◆ **Your assignment**:
Could all of the entries be written out exactly, with any pictures omitted?

*** Opening Given records ***

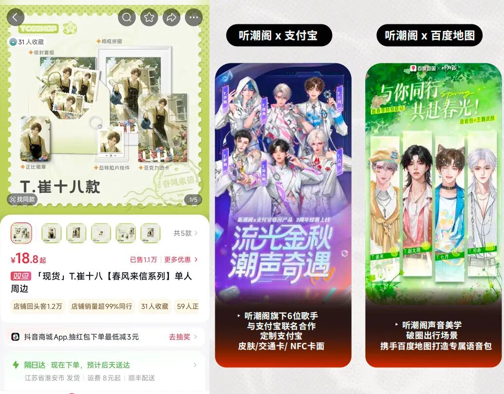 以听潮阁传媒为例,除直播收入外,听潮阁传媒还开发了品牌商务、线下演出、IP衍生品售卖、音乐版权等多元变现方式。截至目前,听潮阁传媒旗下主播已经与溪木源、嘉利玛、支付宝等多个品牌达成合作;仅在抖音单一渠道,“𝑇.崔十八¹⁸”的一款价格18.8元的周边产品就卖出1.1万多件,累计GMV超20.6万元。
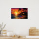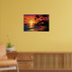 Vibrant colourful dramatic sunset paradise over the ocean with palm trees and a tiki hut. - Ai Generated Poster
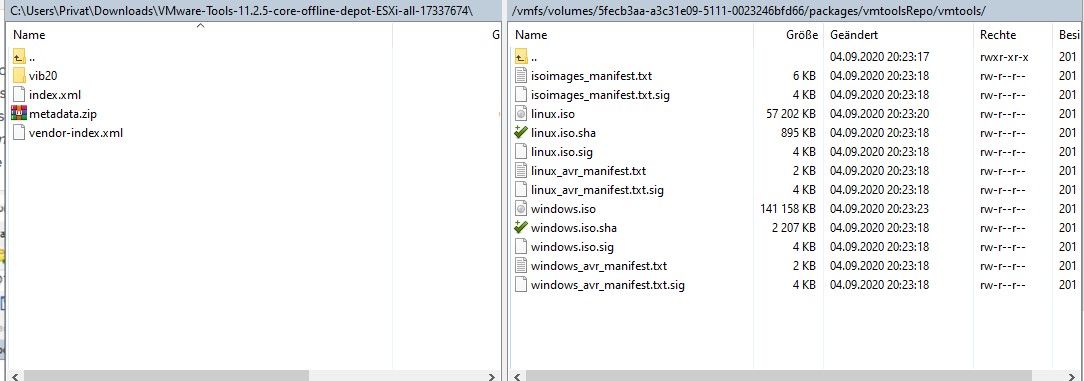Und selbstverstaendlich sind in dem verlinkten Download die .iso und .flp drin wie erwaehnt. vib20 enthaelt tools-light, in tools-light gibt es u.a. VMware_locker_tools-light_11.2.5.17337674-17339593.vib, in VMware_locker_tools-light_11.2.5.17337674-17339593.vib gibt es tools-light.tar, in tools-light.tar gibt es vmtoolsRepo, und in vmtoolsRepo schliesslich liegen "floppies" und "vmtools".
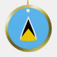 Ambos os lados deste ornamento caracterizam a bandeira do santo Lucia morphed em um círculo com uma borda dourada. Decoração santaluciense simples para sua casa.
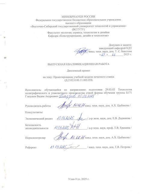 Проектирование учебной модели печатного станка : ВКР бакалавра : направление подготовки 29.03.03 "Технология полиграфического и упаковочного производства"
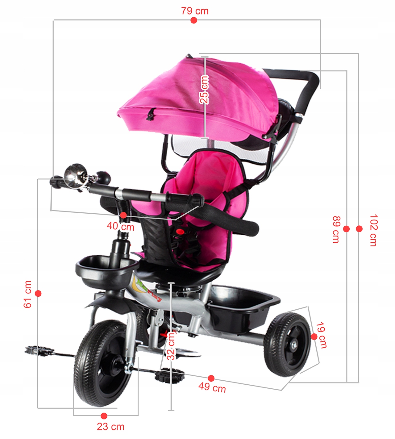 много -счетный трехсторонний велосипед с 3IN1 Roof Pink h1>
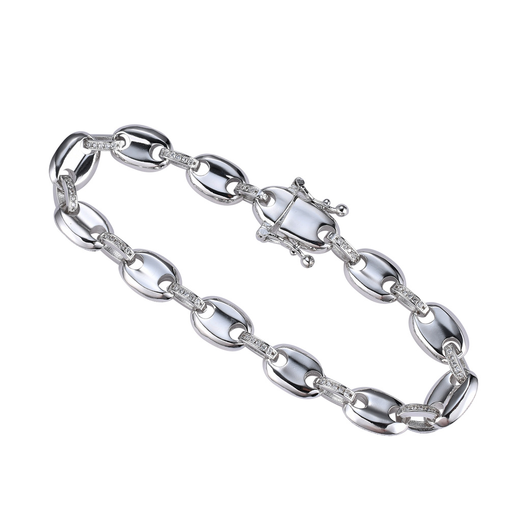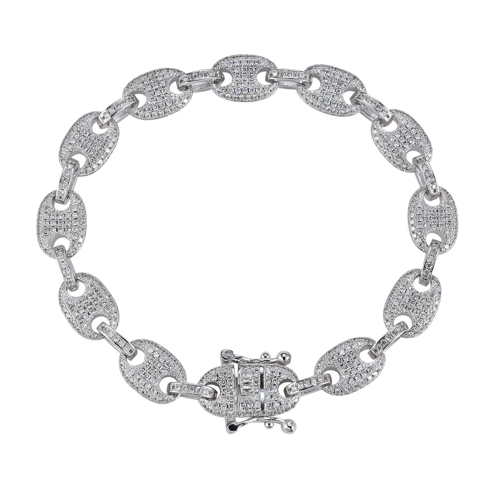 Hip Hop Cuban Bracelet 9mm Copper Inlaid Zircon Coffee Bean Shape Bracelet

*** Closing Given records ***

◆ **Written solution**:
 以听潮阁传媒为例,除直播收入外,听潮阁传媒还开发了品牌商务、线下演出、IP衍生品售卖、音乐版权等多元变现方式。截至目前,听潮阁传媒旗下主播已经与溪木源、嘉利玛、支付宝等多个品牌达成合作;仅在抖音单一渠道,“𝑇.崔十八¹⁸”的一款价格18.8元的周边产品就卖出1.1万多件,累计GMV超20.6万元。
 Vibrant colourful dramatic sunset paradise over the ocean with palm trees and a tiki hut. - Ai Generated Poster
Und selbstverstaendlich sind in dem verlinkten Download die .iso und .flp drin wie erwaehnt. vib20 enthaelt tools-light, in tools-light gibt es u.a. VMware_locker_tools-light_11.2.5.17337674-17339593.vib, in VMware_locker_tools-light_11.2.5.17337674-17339593.vib gibt es tools-light.tar, in tools-light.tar gibt es vmtoolsRepo, und in vmtoolsRepo schliesslich liegen "floppies" und "vmtools".
 Ambos os lados deste ornamento caracterizam a bandeira do santo Lucia morphed em um círculo com uma borda dourada. Decoração santaluciense simples para sua casa.
 Проектирование учебной модели печатного станка : ВКР бакалавра : направление подготовки 29.03.03 "Технология полиграфического и упаковочного производства"
 много -счетный трехсторонний велосипед с 3IN1 Roof Pink h1>
 Hip Hop Cuban Bracelet 9mm Copper Inlaid Zircon Coffee Bean Shape Bracelet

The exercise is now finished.